2023-01-23T16:22:44.024+0100 [DEBUG]: Locked "azurerm_virtual_network.vnet" with mutex 0xc00024cfa0: timestamp=2023-01-23T16:22:44.024+0100
...
2023-01-23T16:22:44.031+0100 [DEBUG]: Locking "azurerm_virtual_network.vnet" with mutex 0xc000496000: timestamp=2023-01-23T16:22:44.031+0100
2023-01-23T16:22:44.031+0100 [DEBUG]: Locked "azurerm_virtual_network.vnet" with mutex 0xc000496000: timestamp=2023-01-23T16:22:44.031+0100
...
2023-01-23T16:22:48.148+0100 [DEBUG]: Unlocking "azurerm_virtual_network.vnet" with mutex 0xc00024cfa0: timestamp=2023-01-23T16:22:48.148+0100
...

At first i thought it was because I put the virtual hub connection inside a module but the issue still arise with just the resources directly in the files too.

As I am not used to the inner workings of the provider I think I will not be able to understand how the mutex system is working alone. Can you help me figure out why two mutexes are created?

[aurel333]

Continuing with the testing, I have done a test build with the option -parallelism=1 and again I got two different mutexes for the subnet creation and the virtual hub connection.

This does not confirm the hypothesis that there is one mutex per provider but goes very strongly in this direction. If this is true then it is a troublesome issue as the provider instantiation seems to be done by the Terraform core once per provider (which makes sense by the way) and using two or more providers is required to work on multiple subscriptions.

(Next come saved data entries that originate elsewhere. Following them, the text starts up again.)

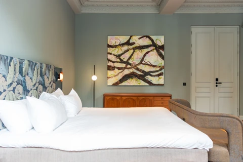 Les chambres, comme le reste de l'hôtel, sont la combinaison parfaite de meubles d'inspiration vintage et d'art contemporain. Ajoutez à cela les merveilleux draps de lit et vous avez la recette d'une merveilleuse nuit à Maastricht. Les chambres sont parfaitement équipées avec coffre-fort, machine Nespresso, haut-parleur Marshall, télévision, Wi-Fi et une salle de bain entièrement équipée avec douche à effet pluie.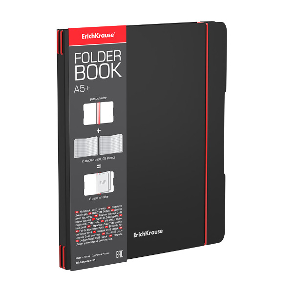 Тетрадь 48л*2 А5+ клетка "FolderBook Accet" съем. пластик, черный/красн. 51435 ErichKrau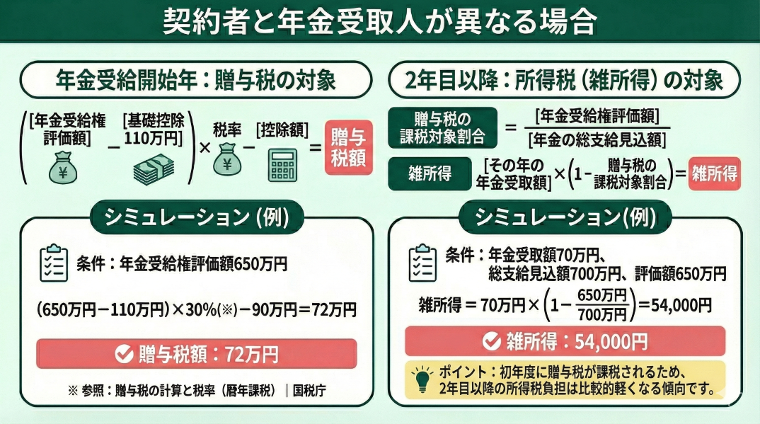 契約者と年金受取人が異なる場合は、年金受給開始年は贈与税、年金受給開始2年目以降は所得税(雑所得)の対象になります。
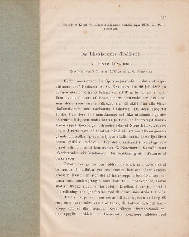 Information om Om Ishafsfaranes 'Trold- sæl'. (Meddeladt den 9 November genom A. G. Nathorst) av Einar Lönnberg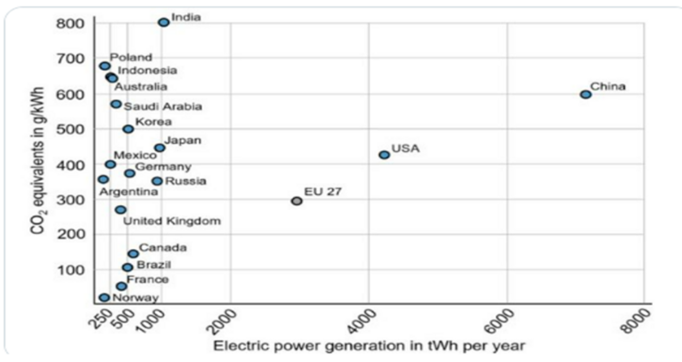 Pour prendre les deux situations les plus extrêmes dans le monde, qu’y a-t-il en effet de commun entre l’Inde et ses 800 gCO2/kWh, dus à une utilisation massive du charbon dans son mix électrique, et la Norvège qui, avec 92% d’hydraulique et près de 6% d’éolien, émet de l’ordre d’à peine plus de 20 gCO2/kWh[1] pour produire son électricité?
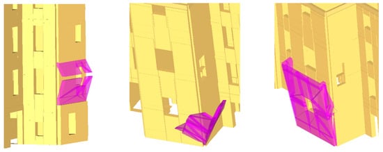 Another important piece of information is that the studied building is a part of a masonry building aggregate, which is not rare in Zagreb and other European cities. The behavior of buildings in the aggregate is extremely complex, where many parameters affect their response during an earthquake. Moreover, buildings at the ends of aggregates are often more severely damaged than those inside aggregates during earthquakes [57,58]. Modeling of the entire aggregate or, at least, adjacent buildings is recommended. Adjacent buildings can be modeled as mutually independent, mutually interconnected by the same walls, or mutually interconnected by various connections that accurately simulate real coherence. Those connections transfer axial and/or shear load between adjacent buildings in aggregate and they can be modeled as linear or non-linear elements [58,59,60]. Due to the lack of data on neighboring buildings, modeling of only the observed building is often resorted to. This is on the safe side in the case of a unit inside the aggregate when deformations are observed, but there is a risk of misinterpretation of the failure mechanism [61].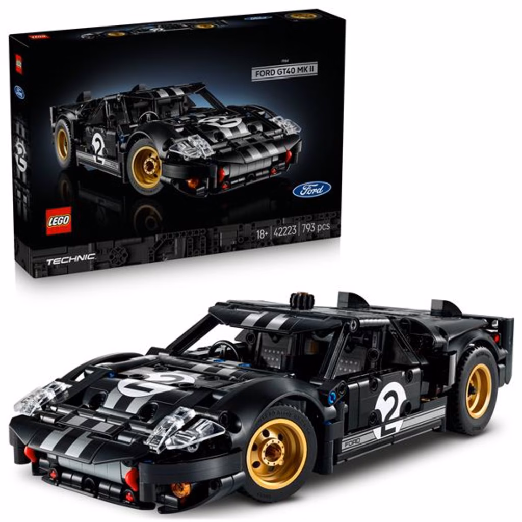 Conquista la vittoria e celebra un icona del mondo dei motori con questo modello di Auto da corsa Ford GT40 MKII 1966 LEGO® Technic per adulti (42223). Gli amanti delle auto, i fan delle corse e gli appassionati di costruzioni dai 18 anni in su possono rivivere lo spirito della gara endurance più prestigiosa del mondo con questa versione realistica di un iconica auto vintage. Divertiti a esplorare le caratteristiche dettagliate del set. Usa la manopola sul tetto dell auto per sterzare. Dai un occhiata alle portiere apribili e ammira la livrea nera e argento ispirata all auto vincente della vita reale. Apri la cover del motore per rivelare il motore V8, quindi usa la leva all interno per aprire il cofano. Dopo averlo costruita, potrai esporre la tua auto da corsa in qualsiasi stanza o ufficio. Soddisfa la tua passione per i kit da costruzione di veicoli ad alte prestazioni con la gamma di auto da collezione LEGO Technic per adulti. Divertiti a costruire con l app LEGO Builder, ingrandisci e ruota il modello con le istruzioni 3D e salva e tieni traccia dei progressi, il tutto dall app.

So this means that any cross subscription peering or virtual hub connection is at risk of ending in error if another operation that locks the virtual network is done at the same time (typically a subnet creation or a peering to a different subscription).

Such a risk is either a bug or should be documented somewhere. I can write the documentation but I need first a confirmation that this is not considered a bug.